Ответов я не знал, тем более что я поймал себя на еще одной, не менее любопытной мысли.

Я смотрел на свой мозг посредством усилий своего мозга и не видел… себя. Пресловутого сознания не было нигде, и мне, как наблюдателю своего мозга, что мог рассматривать его со всех сторон, не удавалось при смене позиций усмотреть плетущийся хвост за своим Я. В самом деле, а что есть Я? Где и чем я, зритель, был в этот момент?

До обретения способности к алиеноцепции мое Я, как ощущение местоположения сознания в пространстве, всегда безвылазно сидело внутри черепа, словно в стеклянном аквариуме. Ведь где же еще быть сознанию, если не в самих мозгах – в его источнике. Но сейчас я смотрел на свою же черепную коробку с содержимым со стороны, словно джин – на свою медную лампу.

Стало быть, местоположение сознания всегда было обусловлено сосредоточенностью на каком-либо ощущении в теле, будь то зуд в пятке или та же боль от внутримышечного укола в ягодицу. Можно таким образом перенестись в пальцы своей руки, скажем, когда на ощупь в темноте пытаешься определить чеканку маленькой монетки…

В этом случае Я как бы временно переносится туда и остается там до тех пор, пока увлечено единственно этим процессом. Но стоит только задуматься о чем-то второстепенном – хотя бы просто нечаянно открыть глаза или даже просто отметить то, что они у тебя закрыты – как ощущение переселения Я в руку ускользает.

А так как в моем случае я мог чувствовать – хоть и не так остро, как части своего тела – части окружающей материи, то формально я мог перемещаться своим сознанием туда.

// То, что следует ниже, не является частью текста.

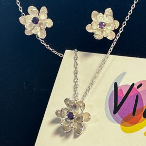 Комплект от сребро проба 925 включва висулка и чифт обеци. Елегантен и изискан, идеален за жени, които обичат бижута с природни мотиви.

Вовне. В любую точку. Подобные ощущения я испытал еще в тот самый раз, когда посредством ватных палочек общался с другом, будучи запертым при этом в едущем автомобиле. Но тогда я почему-то не придал этому значения.

Выходит, лектор все же была права в том, что Я живет, только пока живы наши ощущения. И ведь она была в этом убеждена, даже без возможности подтвердить свое высказывание сверхъестественным экспериментом.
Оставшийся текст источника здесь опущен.